- Genre: Drama
- Based on: The Past Is Myself by Christabel Bielenberg
- Written by: Dennis Potter
- Directed by: Adrian Shergold
- Starring: Elizabeth Hurley Stephen Dillane Nigel Le Vaillant Geoffrey Palmer Ann Bell Ralph Brown
- Composer: Stanley Myers
- Country of origin: United Kingdom
- Original language: English
- No. of episodes: 4

Production
- Producer: Kenith Trodd
- Cinematography: Remi Adefarasin
- Editor: Clare Douglas
- Running time: 60 minutes

Original release
- Network: BBC2
- Release: 16 November – 7 December 1988

= Christabel (TV series) =

1988 BBC television drama directed by Adrian Shergold

Christabel is a four-part British drama series first shown on BBC2 between 16 November and 7 December 1988.

It is based on the memoirs of Christabel Bielenberg, an English woman married to a German lawyer during World War II. Her book, The Past is Myself depicted life in Germany during 1932 - 1945. The screenplay was written by Dennis Potter, and was directed by Adrian Shergold. Each episode runs around 65 minutes. It stars Elizabeth Hurley in one of her earliest leading roles.

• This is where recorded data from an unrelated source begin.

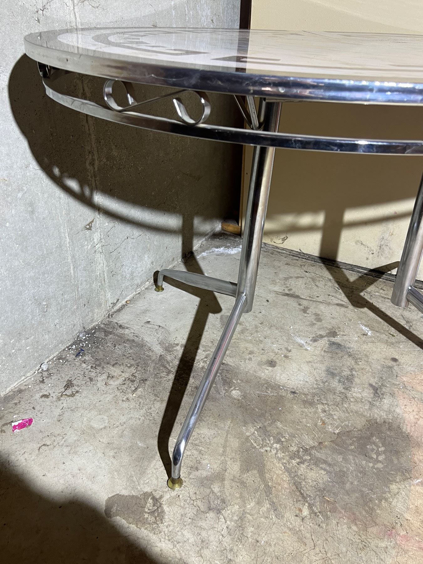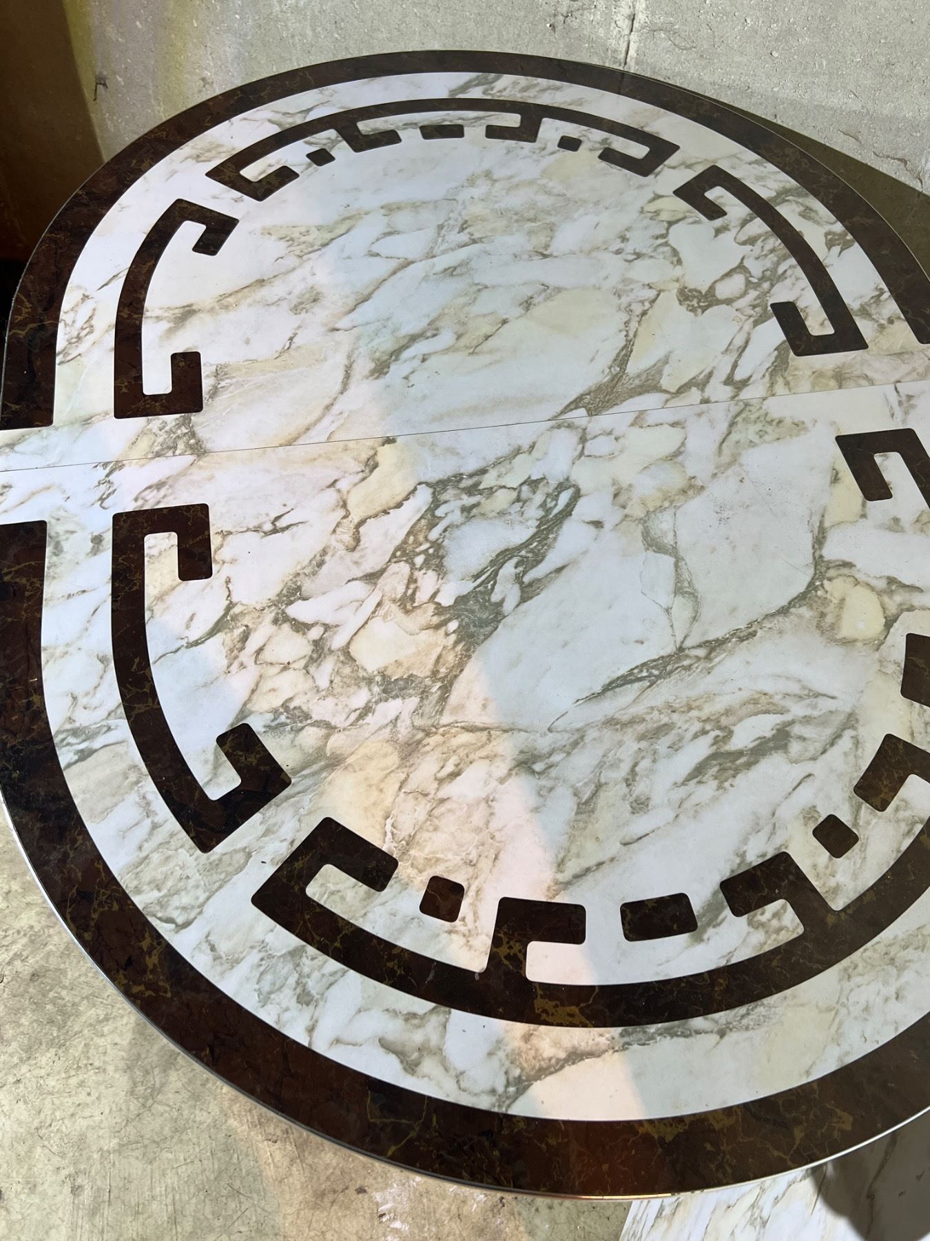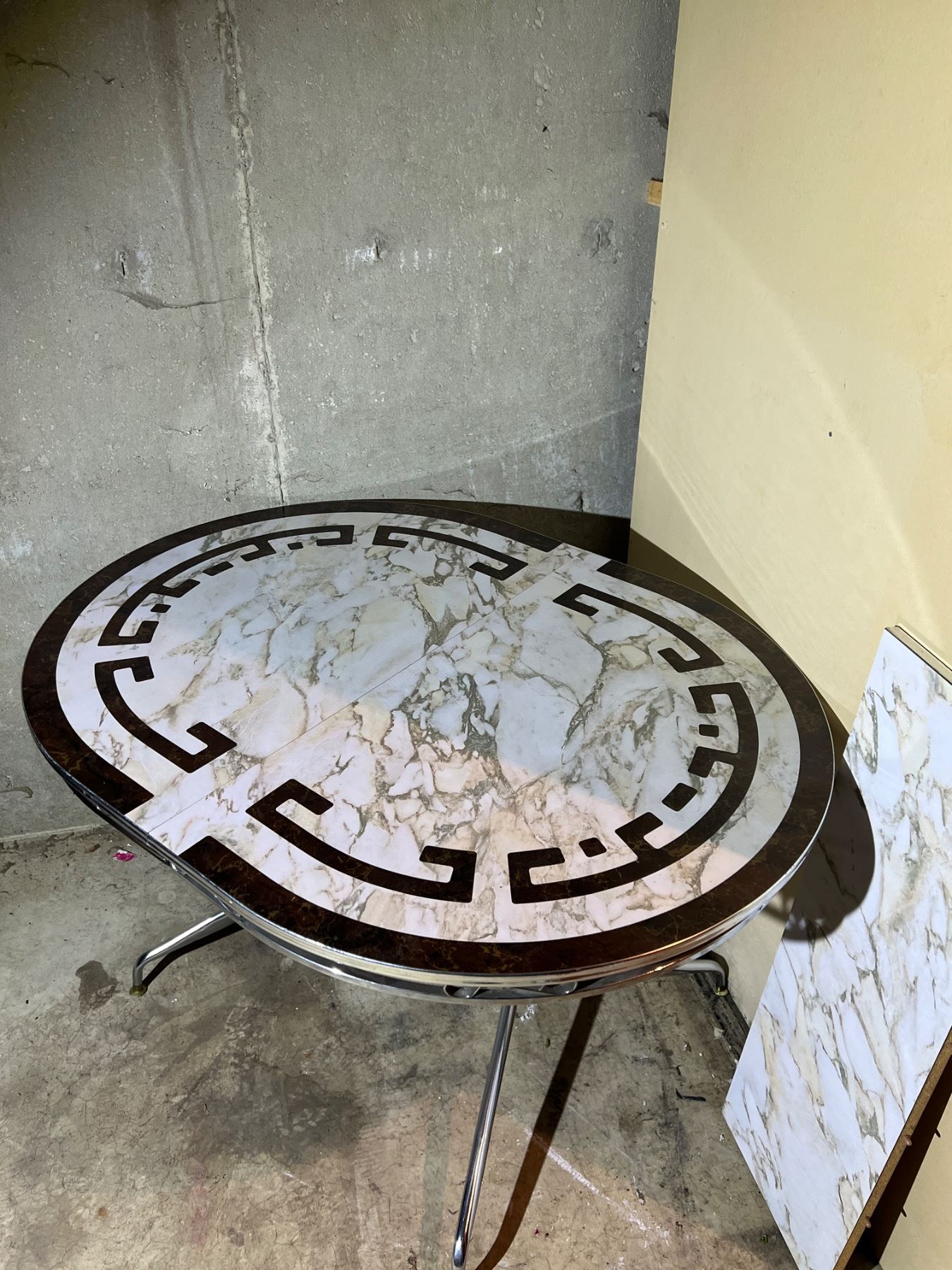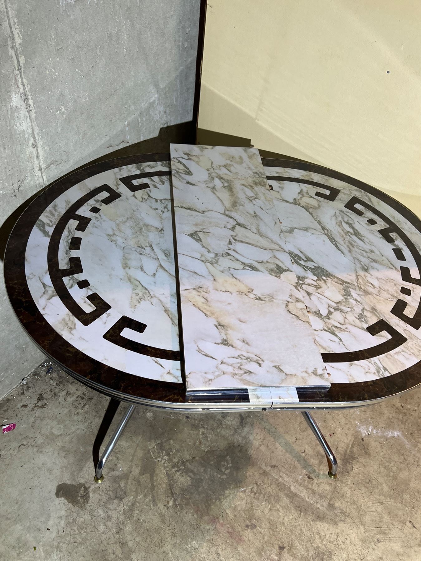 Has laminate faux marble panels. Measures 29" tall by 48" by 36" and leaf is 12" wide.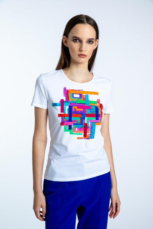 Kézzel festett és szalagozott pamut póló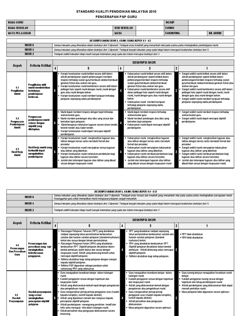 Borang Pencerapan Pengajaran Guru Format Skpm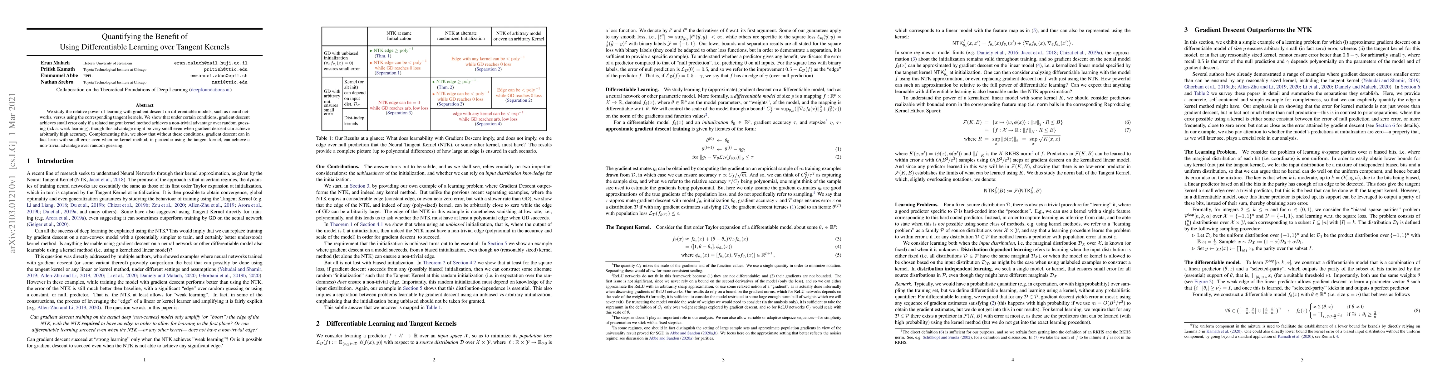 The paper explores the efficiency of gradient descent in training differentiable models like neural networks compared to tangent kernels. It reveals that gradient descent's success hinges on a small advantage of tangent kernel methods over random guessing, which might be negligible even when gradient descent achieves perfect accuracy. Conversely, without these conditions, gradient descent can still perform well, while tangent kernel methods fail to surpass random guessing.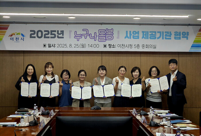 경기 이천시는 25일 시청 5층 중회의실에서 ‘2025년 누구나 돌봄 신규 제공기관 협약식’을 개최했다. 이번 협약식에는 지역 돌봄서비스 제공을 위해 새롭게 참여하는 7개 신규 기관이 함께했다. 사진은 관계자들이 협약서를 들고 기념 촬영을 하는 모습. (사진=이천시청 제공)

Part of the series was filmed at the disused Camperdown Works jute mill complex in Dundee, which doubled for 1940s Berlin. Other scenes were filmed in Hungary and Austria.

==Synopsis==
An Englishwoman's love for a German lawyer is at the heart of one of the most extraordinary stories of the Second World War. Christabel Burton's aspiration of living in harmony with her husband Peter Bielenberg is shattered when Germany slips into the full horror of the Nazi regime and war is declared. Life for Christabel and Peter becomes a fight to survive, a struggle to hold on to human decency.

In the first episode, as wedding bells peal out across the English countryside, the bride's father is begging her to change her mind. The village congregation is shocked when the bridegroom responds in German. But Christabel insists on making an "impossible decision" – a commitment to married life in a country soon to be at war with her own.

==Cast==

| Actor | Role |
|---|---|
| Elizabeth Hurley | Christabel Bielenberg |
| Stephen Dillane | Peter Bielenberg |
| Geoffrey Palmer | Mr Burton |
| Ann Bell | Mrs Burton |
| Nigel Le Vaillant | Adam von Trott zu Solz |
| Sam Kelly | Carl Langbehn |

==Home media==
A VHS of the series, running 148 minutes, was released in the US by CBS/Fox Video in 1989.

A DVD containing a shortened 2-hour version was released by Guillotine Films in 2004.